COMMISSIONER OF INTERNAL REVENUE.
No. 12-43.
Supreme Court of the United States
Argued Feb. 20, 2013.
Decided May 20, 2013.
Paul D. Clement, Washington, DC, for Petitioners.
Ann O'Connell, for Respondent.
Ashley C. Parrish, King & Spalding LLP, Washington, DC, Richard E. May, Mark B. Bierbower, Timothy L. Jacobs, Hunton & Williams LLP, Washington, DC, Paul D. Clement, Counsel of Record, Erin E. Murphy, Bancroft PLLC, Washington, DC, for Petitioners.
Donald B. Verrilli, Jr., Solicitor General, Kathryn Keneally, Assistant Attorney General, Malcolm L. Stewart, Deputy Solicitor General, Ann O'Connell, Assistant to the Solicitor General, Counsel of Record, Thomas J. Clark, Francesca U. Tamami, Attorneys, Department of Justice, Washington, DC, for Respondent.
Justice THOMAS delivered the opinion of the Court.
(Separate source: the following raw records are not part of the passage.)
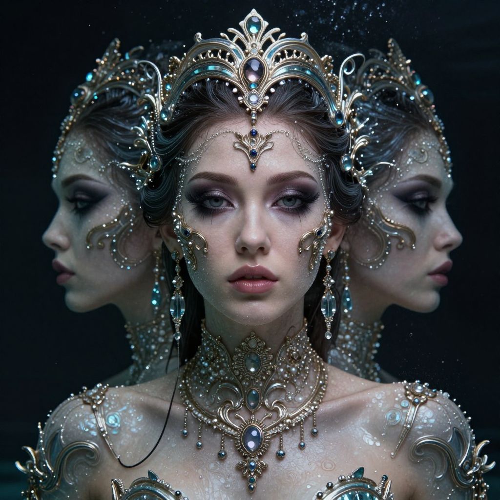 A hyper-realistic, intricately detailed woman made of water, with elaborate, ornate features and a double-exposure effect, set against a dark background.
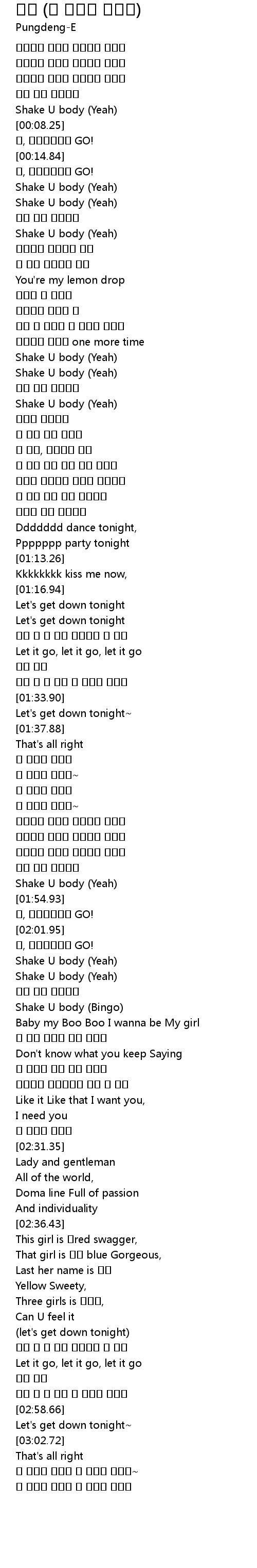 | [02:15.19] | Shake U body (Bingo) |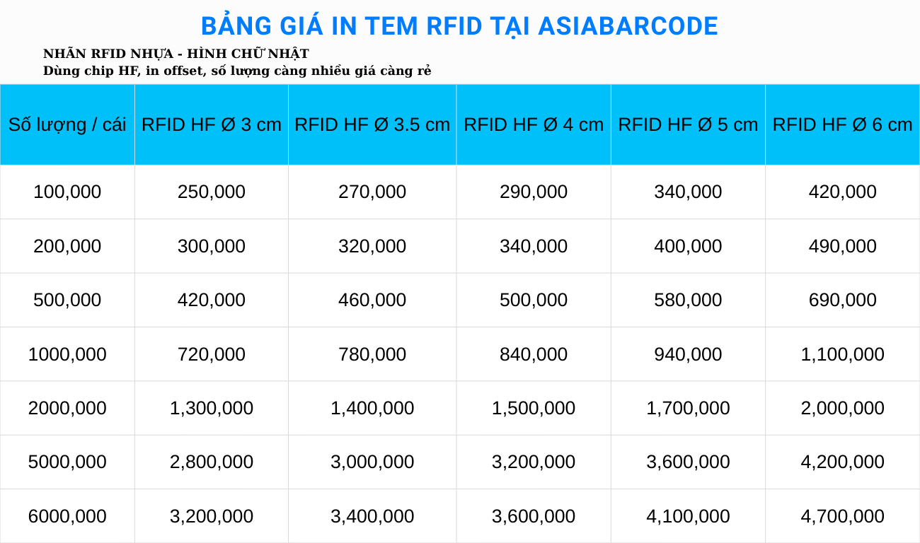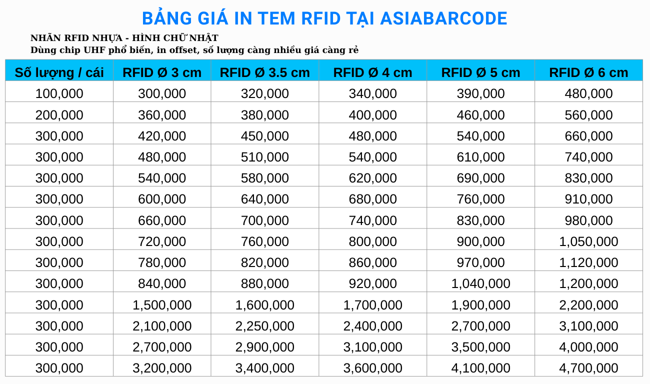4. Bảng giá in nhãn RFID tại AsiaBarcode

In 1997, the United Kingdom (U.K.) imposed a one-time "windfall tax" on 32 U.K. companies privatized between 1984 and 1996. This case addresses whether that tax is creditable for U.S. tax purposes. Internal Revenue Code § 901(b)(1) states that any "income, war profits, and excess profits taxes" paid overseas are creditable against U.S. income taxes. 26 U.S.C. § 901(b)(1). Treasury Regulations interpret this section to mean that a foreign tax is creditable if its "predominant character" "is that of an income tax in the U.S. sense." Treas. Reg. § 1.901-2(a)(1)(ii), 26 C.F.R. § 1.901-2(a)(1) (1992). Consistent with precedent and the Tax Court's analysis below, we apply the predominant character test using a commonsense approach that considers the substantive effect of the tax. Under this approach, we hold that the U.K. tax is creditable under § 901 and reverse the judgment of the Court of Appeals for the Third Circuit.
I
A
During the 1980's and 1990's, the U.K.'s Conservative Party controlled Parliament and privatized a number of government-owned companies. These companies were sold to private parties through an initial sale of shares, known as a "flotation." As part of privatization, many companies were required to continue providing services at the same rates they had offered under government control for a fixed period, typically their first four years of private operation. As a result, the companies could only increase profits during this period by operating more efficiently. Responding to market incentives, many of the companies became dramatically more efficient and earned substantial profits in the process.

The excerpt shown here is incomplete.